Organizations are measuring the impact of these solutions using KPIs like:
- Lead Time for Change [01:17:00]
- Code Quality (e.g., reducing vulnerabilities, increasing test coverage, especially for legacy code) [01:21:00] [01:26:00].
- Codebase Insights (e.g., tracking unused code, lingering feature flags, and non-performant code) [01:28:00] [01:35:00].
The ultimate goal for Booking.com is to reduce the time to replatform their codebase from years to months [01:40:00] [01:45:00].

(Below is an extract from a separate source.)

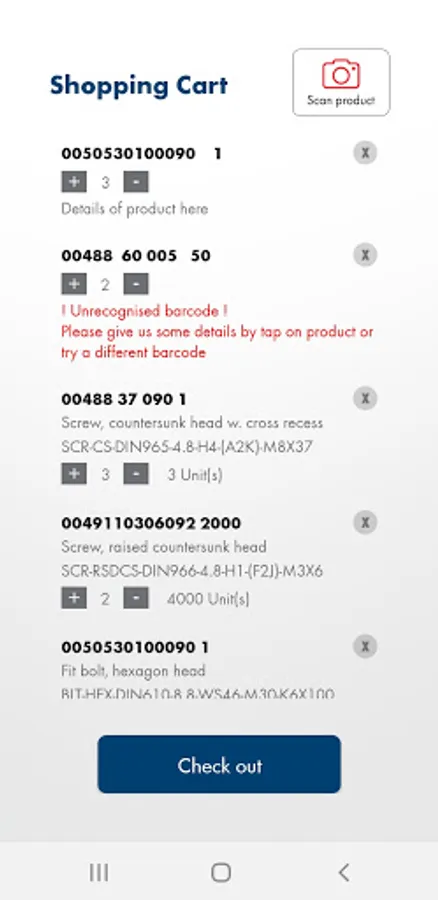 After identifying customer, customer can add products in cart by scanning the bar code of product and can also add quantity for that product.

The Future of Codebase Maintenance
The potential for self-healing services and the ability to declare service rules are emerging as key areas [01:29:00] [01:33:00] [01:50:00]. By anticipating CI pipeline errors and shifting checks left into the IDE, developers can receive immediate fixes [01:38:00] [01:47:00]. Declarative coding allows senior engineers and architects to define and enforce constraints and rules throughout the codebase, both at review time and within the editor, for code written by humans or AI [01:07:00] [01:09:00]. This addresses the long-standing problem of maintaining standards and cohesion in large, evolving software projects [01:05:00] [01:07:00].
A crucial factor in successful adoption and achieving positive impacts is education [01:52:00]. By educating developers through workshops and hackathons, companies can transform them into daily users who are passionate about the tools and contribute to measurable improvements in speed [01:54:00] [02:09:00].